##### INFORMATION #####

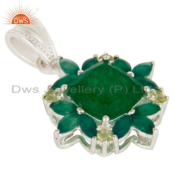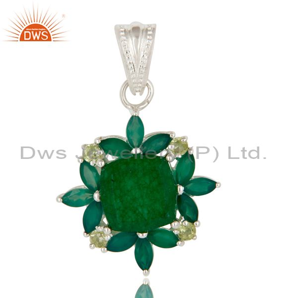 Natural Green Aventurine And Peridot Sterling Silver Gemstone Cluster Pendant
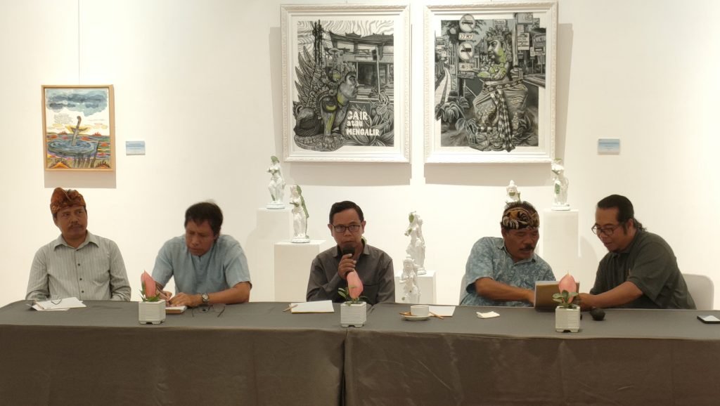 “Tema pameran ini memiliki arti yang signifikan dan berkaitan dengan latar belakang tema besar yang dirancang Pemerintah Provinsi Bali yang tertuang dalam Pesta Kesenian Bali tahun 2023,” jelas Koordinator Pameran I Made Ruta, didampingi akademisi dan perupa I Wayan Sujana ‘Suklu’, Perupa Ubud Wayan Karja, dan Manajer Santrian Galery, Dollar Astawa, saat konferensi pers di Santrian Gallery, Sanur, Kamis, (16/11/2023).
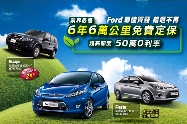 Ford與民眾一同對抗高消費時代,七月份針對旗下 Fiesta、Mondeo、 Focus及Escape全車系,祭出業界最優6年6萬公里免費定保促銷專案,並同時搭配50萬高額零利率專案,福特讓民眾入主新車輕鬆無負擔。Ford不惜重金推出業界最優促銷方案,提供夏季購車最佳買點,消費者立即前往Ford展示中心下訂搶購,機會錯過不再。
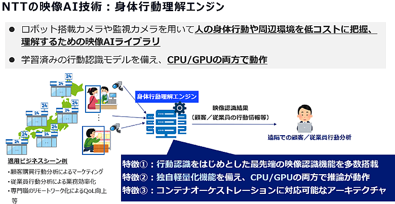 上記のような映像AIを実現する技術として、NTT人間情報研究所では、人物の行動を理解するための「身体行動理解技術」、および映像AIライブラリ「身体行動理解エンジン」の研究開発を進めています。
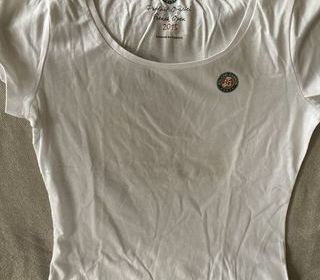 Vends t-shirt officiel Roland-Garros 2015. T-shirt blanc avec illustration d'un joueur de tennis et logo Roland-Garros 2015 sur le devant. Design sobre et élégant, idéal pour l
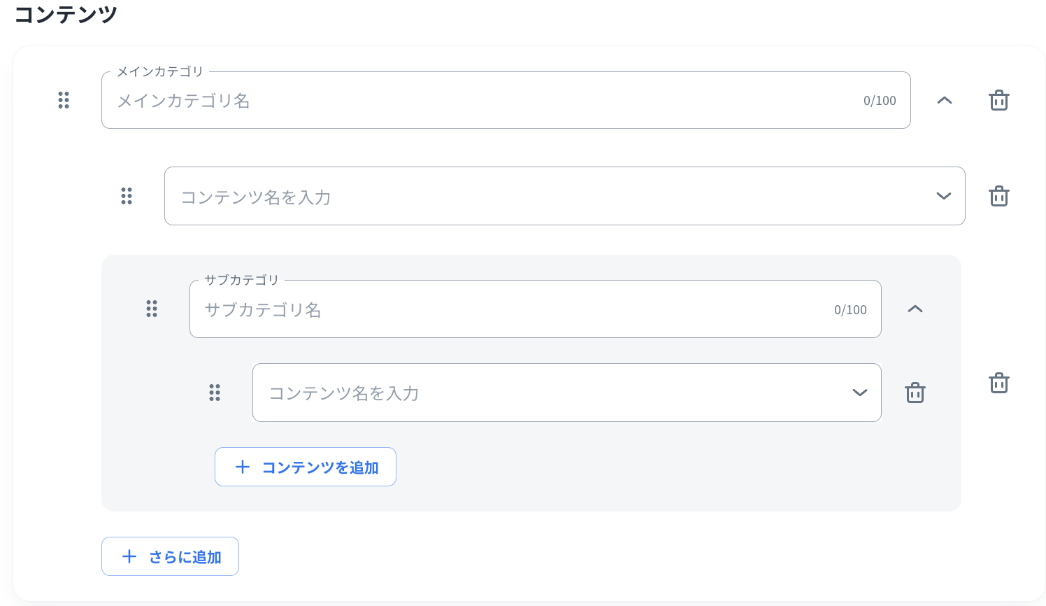 「コンテンツ」ではカリキュラムに含めたいコンテンツをBlendVision AiMのナレッジハブから選択します。
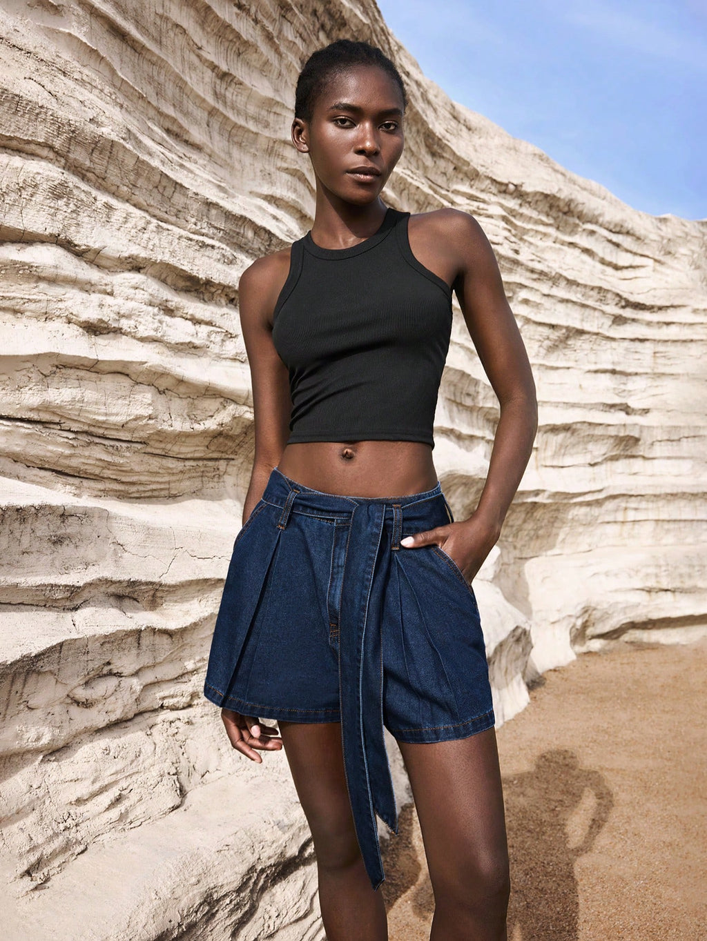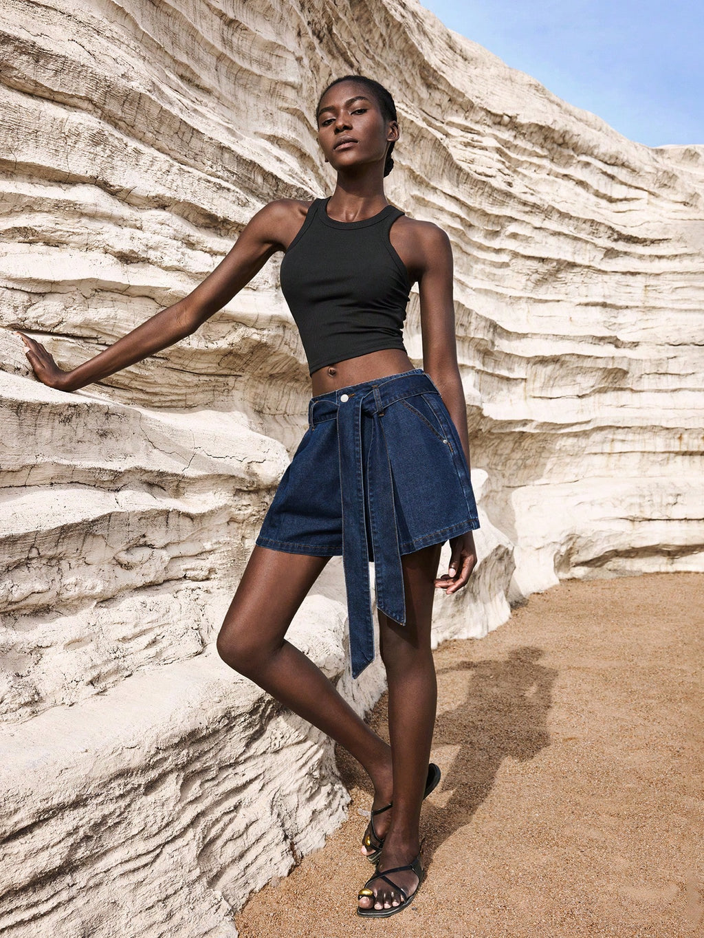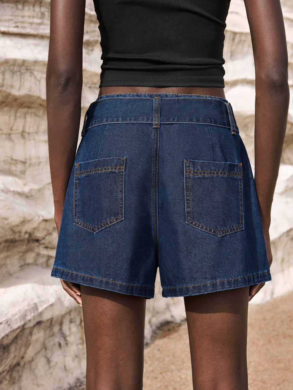 MIU Women's Dark Blue Denim Shorts Belt Included Old Money Style Casual Denim Shorts
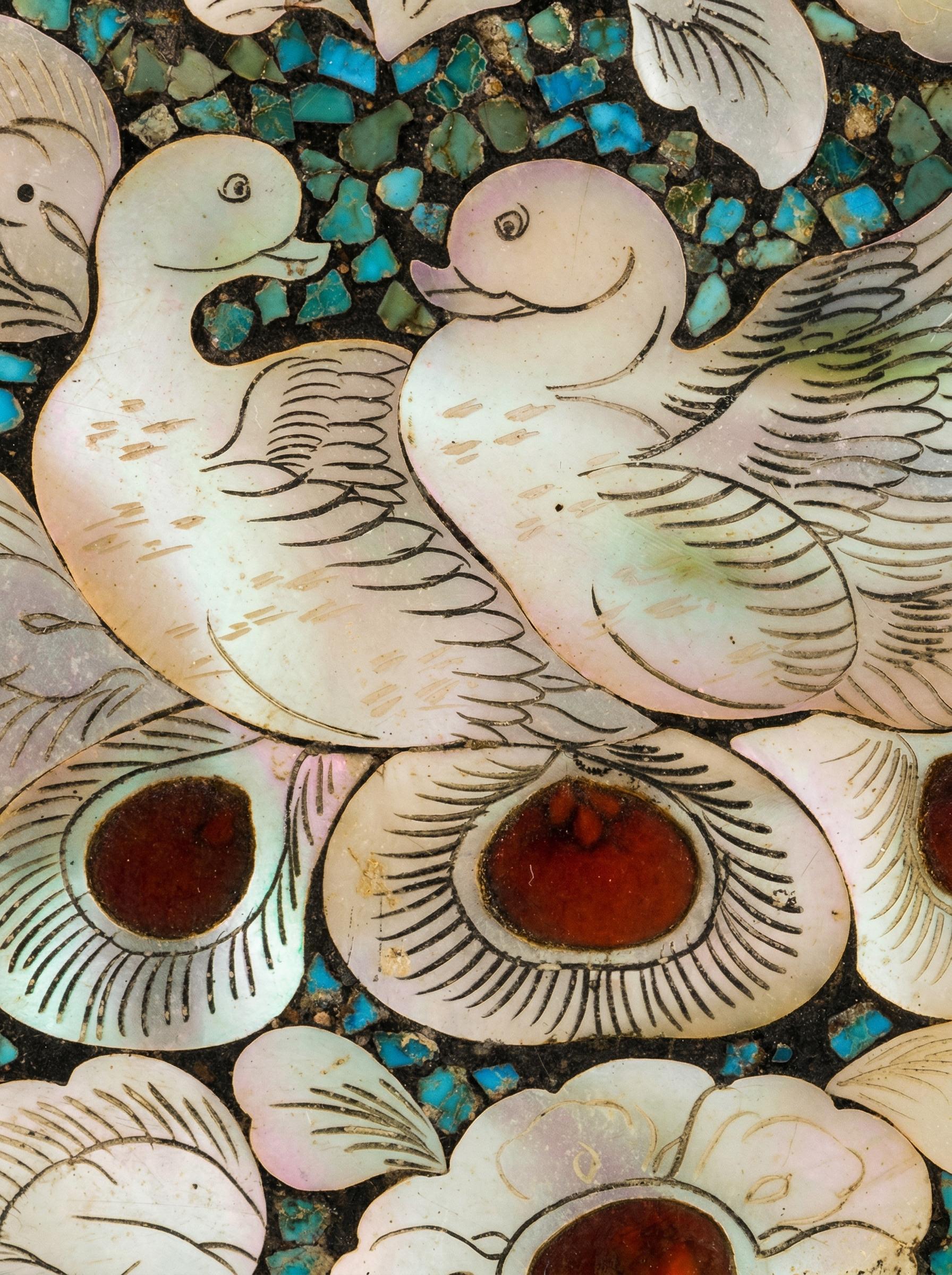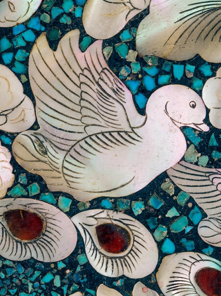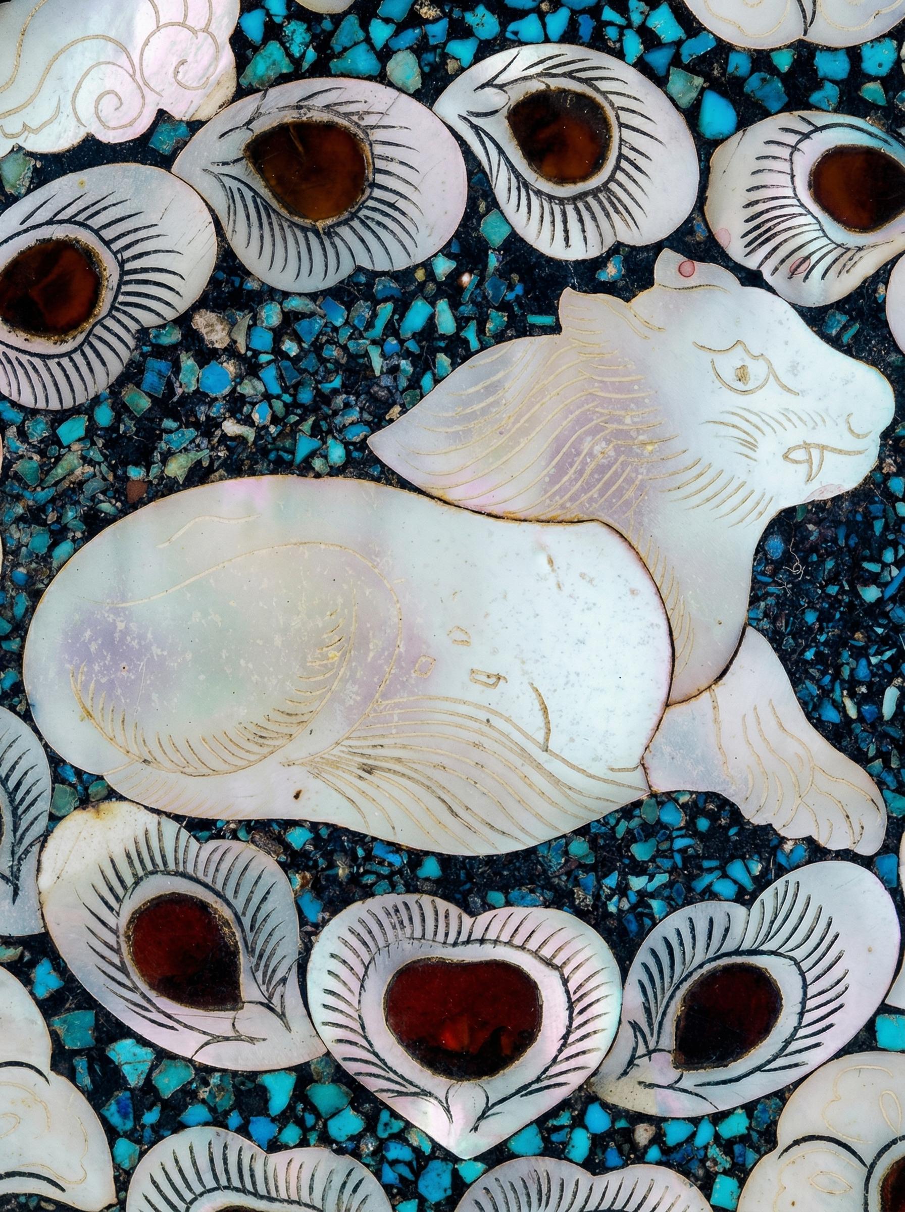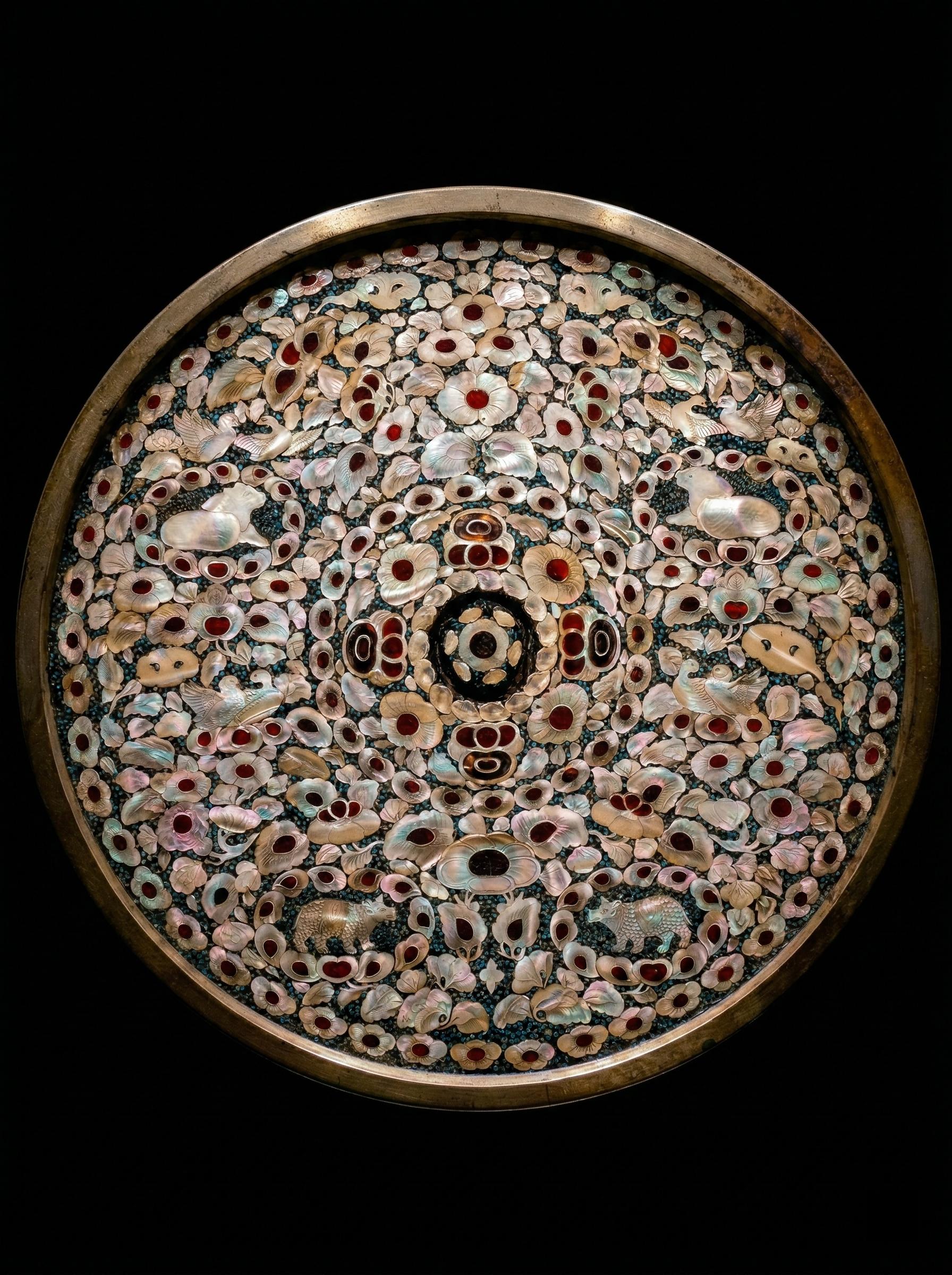 螺钿特有的幻彩,在光线流转间泛起如雾的虹光

#####

_DIRECTIONS_
Excluding the pictures, write out exactly the lines from the line that contains "Vends t-shirt officiel" through the end of the records.

_ANSWER TO THE PROBLEM_
 Vends t-shirt officiel Roland-Garros 2015. T-shirt blanc avec illustration d'un joueur de tennis et logo Roland-Garros 2015 sur le devant. Design sobre et élégant, idéal pour l
 「コンテンツ」ではカリキュラムに含めたいコンテンツをBlendVision AiMのナレッジハブから選択します。
 MIU Women's Dark Blue Denim Shorts Belt Included Old Money Style Casual Denim Shorts
 螺钿特有的幻彩,在光线流转间泛起如雾的虹光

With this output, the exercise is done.